Gelir, bir gerçek kişinin bir takvim yılı içinde elde ettiği kazanç ve iratların safi tutarıdır.

Gelire giren kazanç ve iratlar GVK’nın 2’nci maddesine göre şu unsurlardan oluşur:

  • Ticari kazançlar,

  • Zirai kazançlar,

  • Ücretler,

  • Serbest meslek kazançları,

  • Gayrimenkul sermaye iratları,

  • Menkul sermaye iratları,

  • Diğer kazanç ve iratlar.

Bu kazanç ve iratların elde edilmesi, hesaplanması, diğer gelir unsurlarıyla birlikte değerlendirilmesi ve neticede gelir vergisi beyannamesinin hazırlanması ile ilgili ayrıntılı açıklamalar bu yazı dizimizde yapılacaktır.

Bu açıklamalara geçmeden önce 2023 yılında gelir vergisi beyanlarını etkileyen değişiklik ve uygulamalar, sonra gelir unsurları itibariyle beyan esasları açıklanacaktır.

GELİR UNSURLARI İTİBARİYLE VERGİLENDİRME VE BEYAN ESASLARI

TİCARÎ KAZANÇLAR:

GVK’nda ticarî kazanç, esnaf muaflığından yararlanan ticari kazançlar (Md:9), basit usulde vergiye tâbi ticarî kazançlar (Md:47), arızî ticarî kazançlar (Md:82) ve yıllık beyan esasında vergiye tâbi ticarî kazançlar (Md:37) olmak üzere dört gruba ayrılmıştır.

    • Esnaf Muaflığından Yararlanan Kazançlar:

GVK’nın 9’uncu maddesinde yer alan esnaf gelir vergisinden muaftır. Esnaf muaflığına ilişkin genel ve özel şartlar bu maddede düzenlenmiştir. Esnaf muaflığı aslında istisnaî bazı ticarî kazançlara ilişkin stopaj yolu ile vergileme usulünden başka bir şey değildir.

Vergiden muaf esnafa yapılan ödemelere ilişkin stopaj oranı, el emeğine dayalı emtia bedelleri ve bunların imali karşılığında ödenen hizmet bedelleri ile hurda mal alımlarında % 2, diğer mal alımlarında % 5 ve diğer hizmet alımları ile bedeli birbirinden ayrılamayan mal ve hizmet alımlarında %10’dur (Md:94/13)

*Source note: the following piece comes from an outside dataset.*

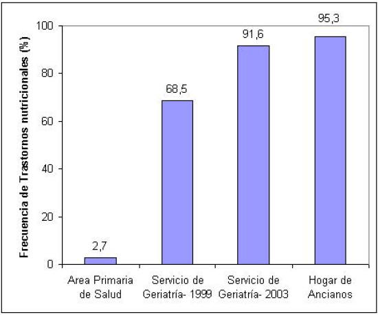 Los resultados documentados en este artículo después de la aplicación de la MNA en 3 escenarios geriátricos distintos permitieron establecer las tasas de trastornos nutricionales en subpoblaciones de ancianos que difieren entre sí por los estilos de vida. La desnutrición documentada en el envejecimiento puede resultar de la actuación de factores biológicos, entre ellos, la edad y los problemas concurrentes de salud. No debería desecharse, sin embargo, la presencia de prácticas culturales institucionales y asistenciales relacionadas con la provisión de cuidados médicos y nutricionales al anciano en los diferentes entornos de la asistencia sanitaria.

Ayrı bir işyeri açmaksızın ve sanayi tipi veya seri üretim yapabilen makine ve alet kullanmaksızın oturdukları evlerde imal ettikleri malları, münhasıran internet ve benzeri elektronik ortamlar üzerinden satanlar aşasıdaki şartlarla esnaf muaflığından faydalanabilirler:

  1. İkametgâhlarının bulunduğu yerdeki tarha yetkili vergi dairesine başvurarak Esnaf Vergi Muafiyeti Belgesi alınması,

  1. Türkiye’de kurulu bankalarda internetten yapılan satış gelirlerinin tahsilini ve bu gelirleri üzerinden tevkifat yapılmasını teminen bir ticari hesap açılması ve tüm hasılatın münhasıran bu hesap aracılığıyla tahsil edilmesi.

Bir takvim yılında elde edilen hasılatın belli bir tutarı (2023 yılı için

700.000 TL) aşması halinde, içinde bulunulan takvim yılında esnaf muaflığından faydalanılabilecek, izleyen takvim yılının başından itibaren ise esnaf muaflığından faydalanılamayacaktır.

    • Basit Usulde Tespit Edilen Ticarî Kazançlar:

Genel Uygulama:

İş hacmi belli bir seviyenin altında olan ticarî kazanç sahiplerine uygulanan bu usulde, ticarî kazancın defter tutulmaksızın belgeye dayalı hâsılat ve giderlerin mukayesesi suretiyle kazanç tespiti söz konusudur. (Md:46)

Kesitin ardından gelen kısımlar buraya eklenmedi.